### What you have to do
Pictures aside, reproduce exactly each line from the one holding "Phiên bản Hàn" through the last line of the material, both ends included.

### Provided records
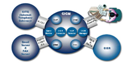 CICM是ITI解決方案中的核心模塊,該模塊完成系統(tǒng)涉及到互聯(lián)網(wǎng)的所有通話的控制,包括VOIP、E-mail、Chatting、畫像通話等。而該模塊與CICR的連動正是完成CTI和ITI技術(shù)完美結(jié)合的關(guān)鍵。即當一個網(wǎng)上呼叫呼入時,由CICR返回所分配的話務(wù)員相關(guān)信息(如:IP),然后CICM將該信息送給客戶使得網(wǎng)絡(luò)聊天和WEB到電話的通話得以同步。而CCPM
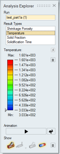 Use to view the results of a porosity analysis. You can view shrinkage percentage, temperature evolution, solid fraction, and solidification times for a selected run and load case.
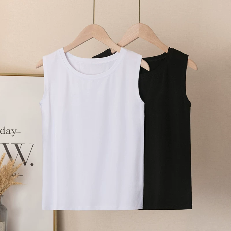 Phiên bản Hàn Quốc của áo vest cotton màu trơn của phụ nữ mùa hè mặc áo thun không tay mỏng và rộng rãi phía dưới áo sơ mi chéo dây đeo trên đầu - Áo ba lỗ
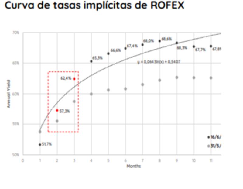 A comienzo de mes, la curva de dólar Rofex operaba con tasas del 60% al 63% para los próximos 4 a 11 meses. Pero en la actualidad, saltaron del 65% al 67% para ese mismo período, lo cual implica una mayor expectativa de devaluación desde el segundo semestre en adelante.
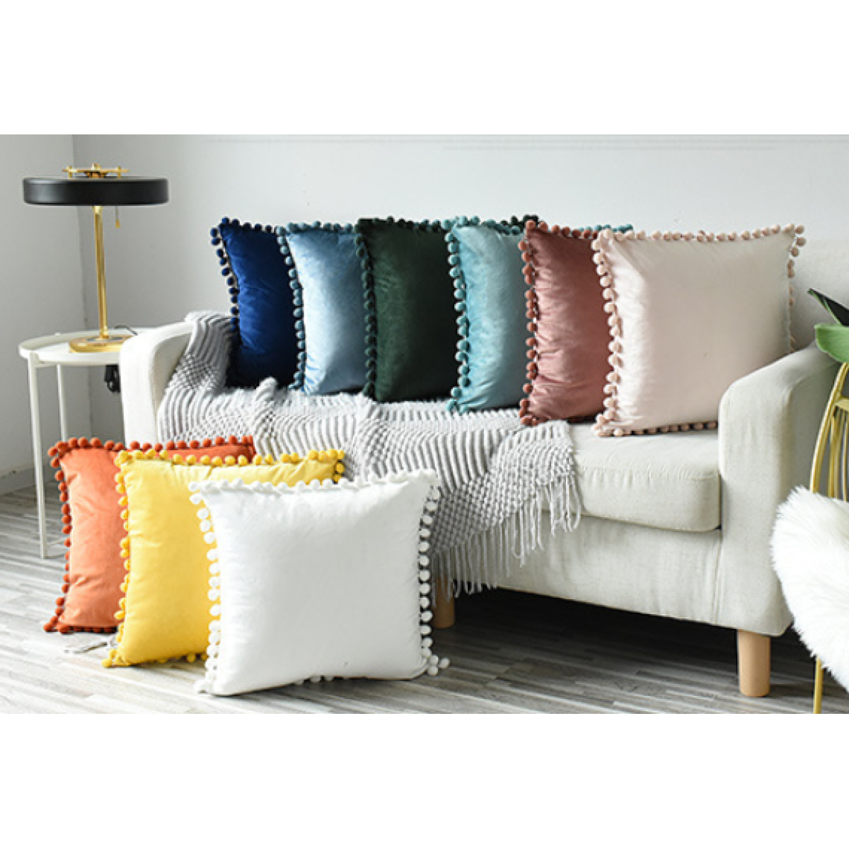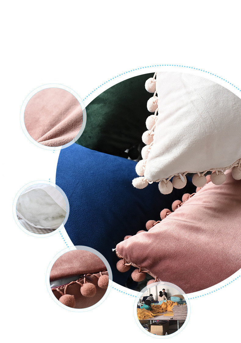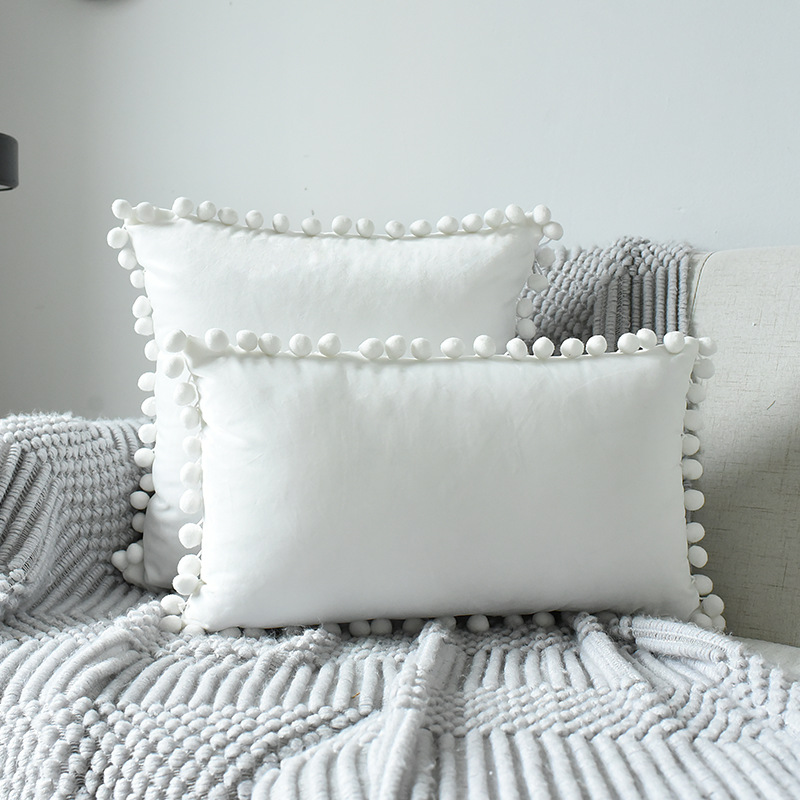 Ins Style Home Fabric Model Room Sofa Ball Pillowcase Hair Ball Velvet Sofa Cushion Rectangle

### Solved exercise
 Phiên bản Hàn Quốc của áo vest cotton màu trơn của phụ nữ mùa hè mặc áo thun không tay mỏng và rộng rãi phía dưới áo sơ mi chéo dây đeo trên đầu - Áo ba lỗ
 A comienzo de mes, la curva de dólar Rofex operaba con tasas del 60% al 63% para los próximos 4 a 11 meses. Pero en la actualidad, saltaron del 65% al 67% para ese mismo período, lo cual implica una mayor expectativa de devaluación desde el segundo semestre en adelante.
 Ins Style Home Fabric Model Room Sofa Ball Pillowcase Hair Ball Velvet Sofa Cushion Rectangle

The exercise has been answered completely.